*Your task*. Set the pictures aside and transcribe exactly the lines from the one containing "- Directly replace" through the final line of the records.
++++ Records for the task
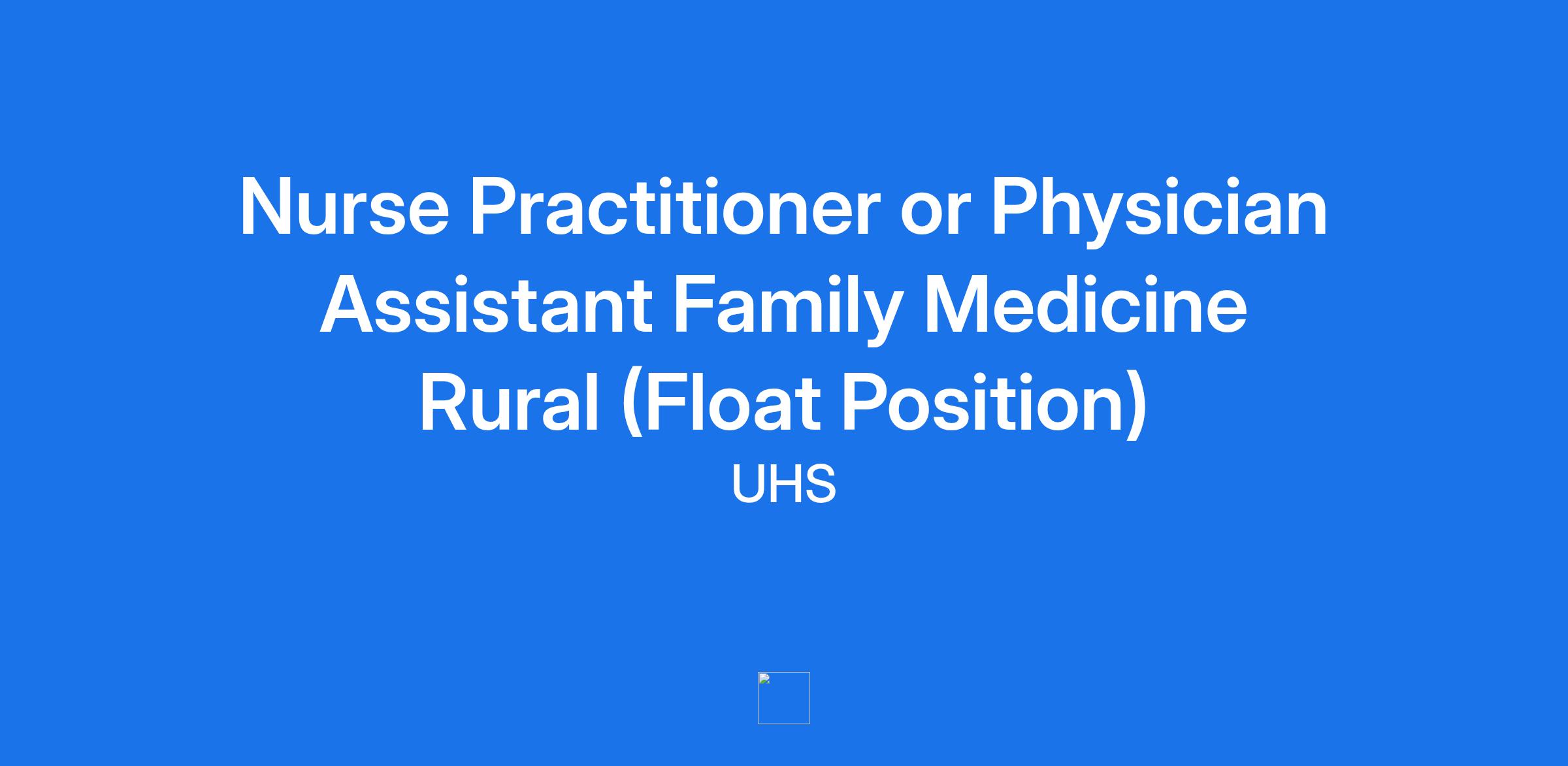 Nurse Practitioner or Physician Assistant Family Medicine Rural (Float Position)
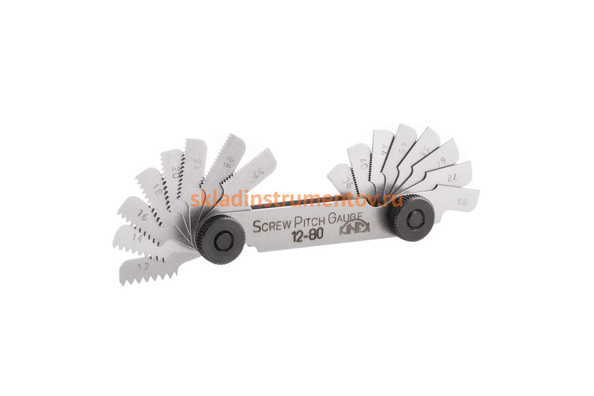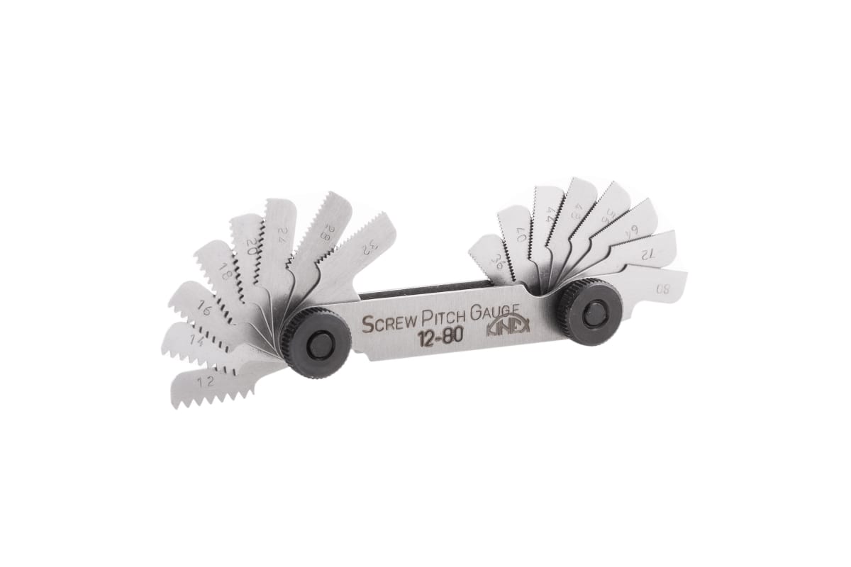Резьбомер Kinex UNF 12-80Tpi 16шт 1148-02-016 для измерения шага дюймовой американской резьбы UNF (Unified Thread Standard). Дюймовая резьба с крупным шагом и углом профиля 60 град. Резьбомер имеет вид сдвоенной обоймы металлических пластин с эталонным профилем.
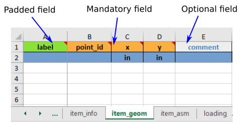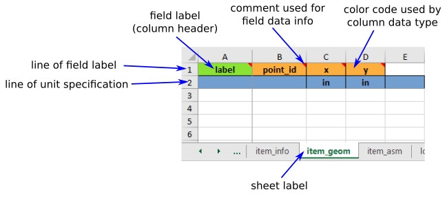 For instance on Fig. 8, in sheet “item_asm” two cross reference fields are specified. In column C, “item_geom::point_id” refers to a ‘point_id’ of the sheet “item_geom”. In column D, “item_info::label” is used to refer to a ‘label’ of the sheet “item_info”.
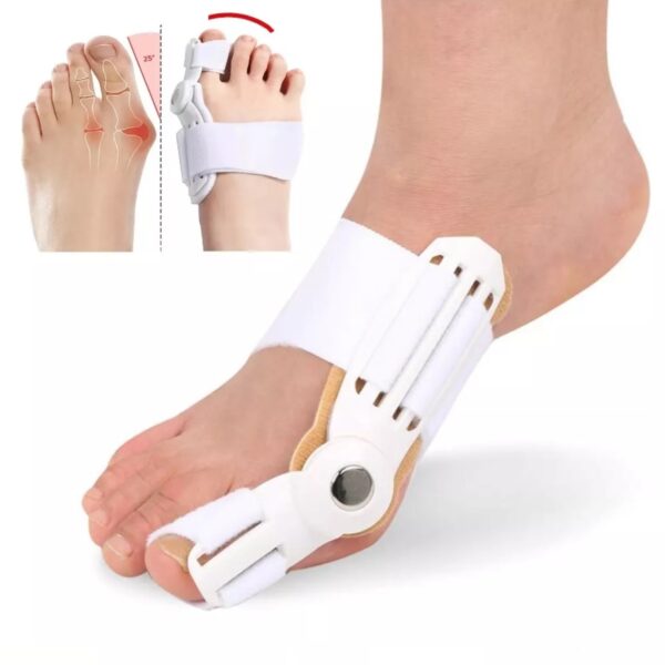 Férula de descanso, se puede usar tanto en el día como en la noche. Aplica un sistema de presión de 3 puntos para aliviar la deformación del hallux valgus o juanetes. Ayuda a ajustar el dedo gordo para evitar el valgus. Se ajusta cómodamente en el hueso y el dedo del pie
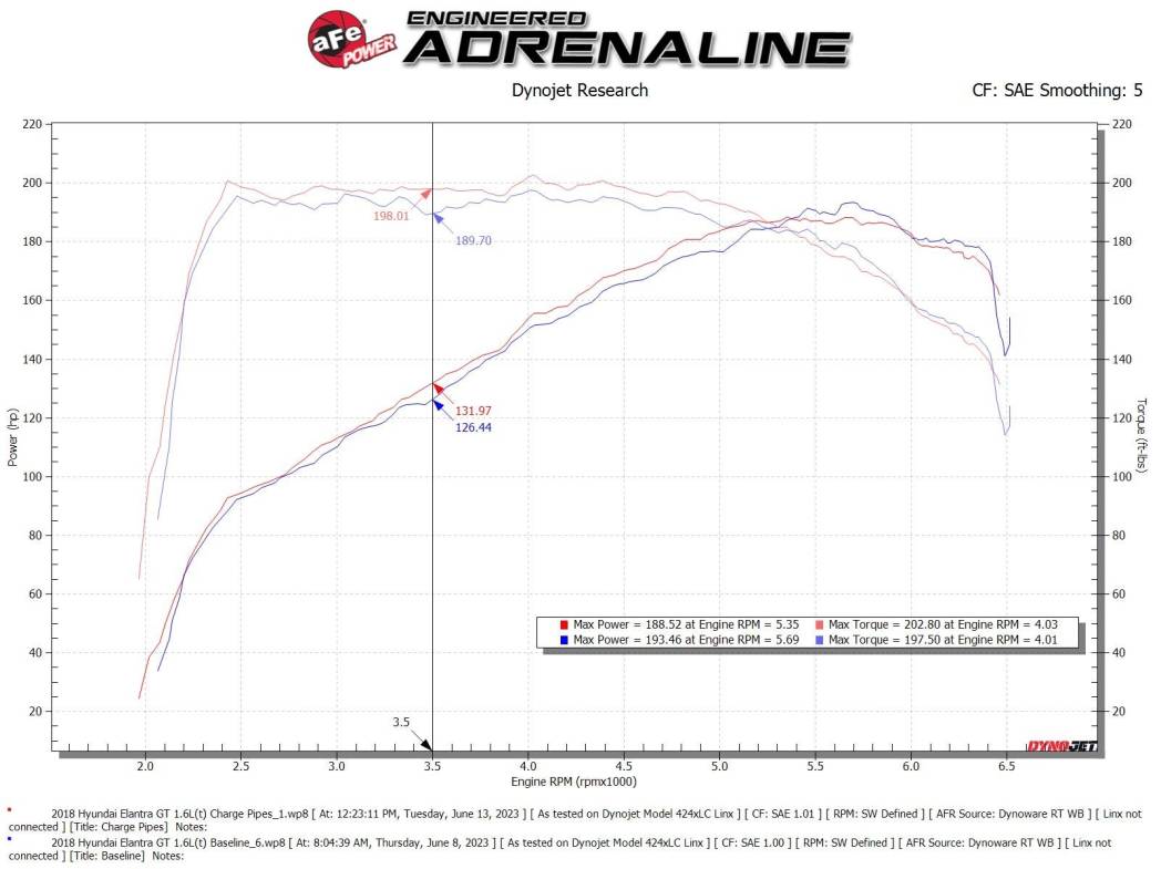 - Directly replace your Elantra's restrictive charge pipes with aFe POWER's BladeRunner free-flowing, heat-resistant aluminum charge pipes.
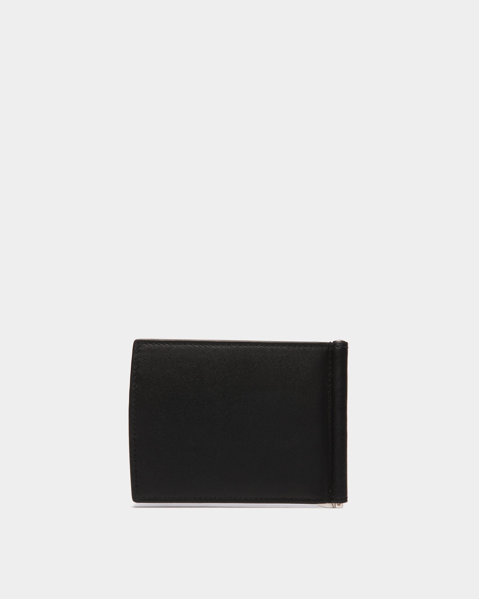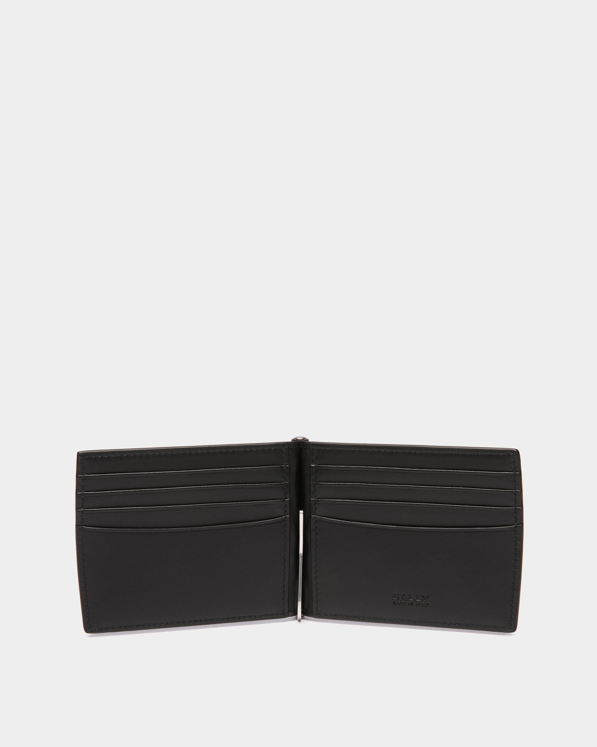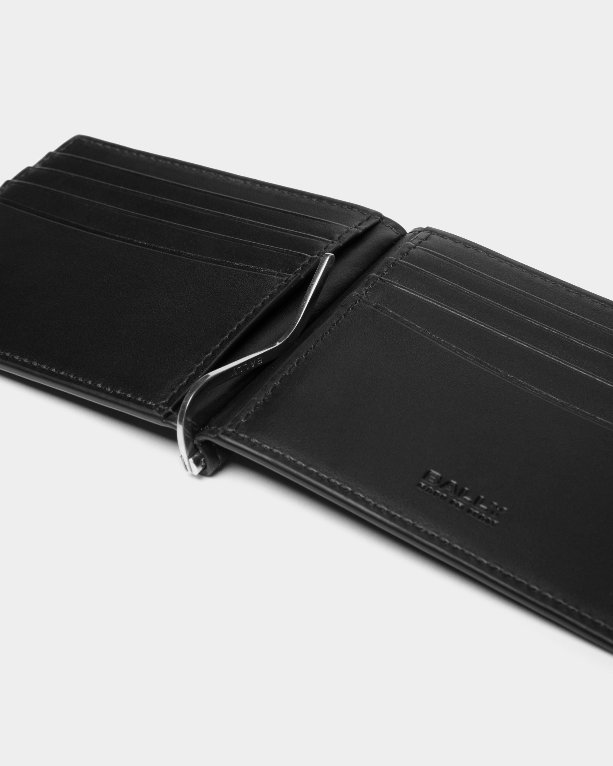 Essential with a slightly curved profile. the Deco bifold wallet in black calfskin is decorated by a foil logo on the outside and a debossed logo on the inside. Eight card slots and a metal clip for banknotes organize the inside.
++++++++
*Solution to the problem*.
 - Directly replace your Elantra's restrictive charge pipes with aFe POWER's BladeRunner free-flowing, heat-resistant aluminum charge pipes.
 Essential with a slightly curved profile. the Deco bifold wallet in black calfskin is decorated by a foil logo on the outside and a debossed logo on the inside. Eight card slots and a metal clip for banknotes organize the inside.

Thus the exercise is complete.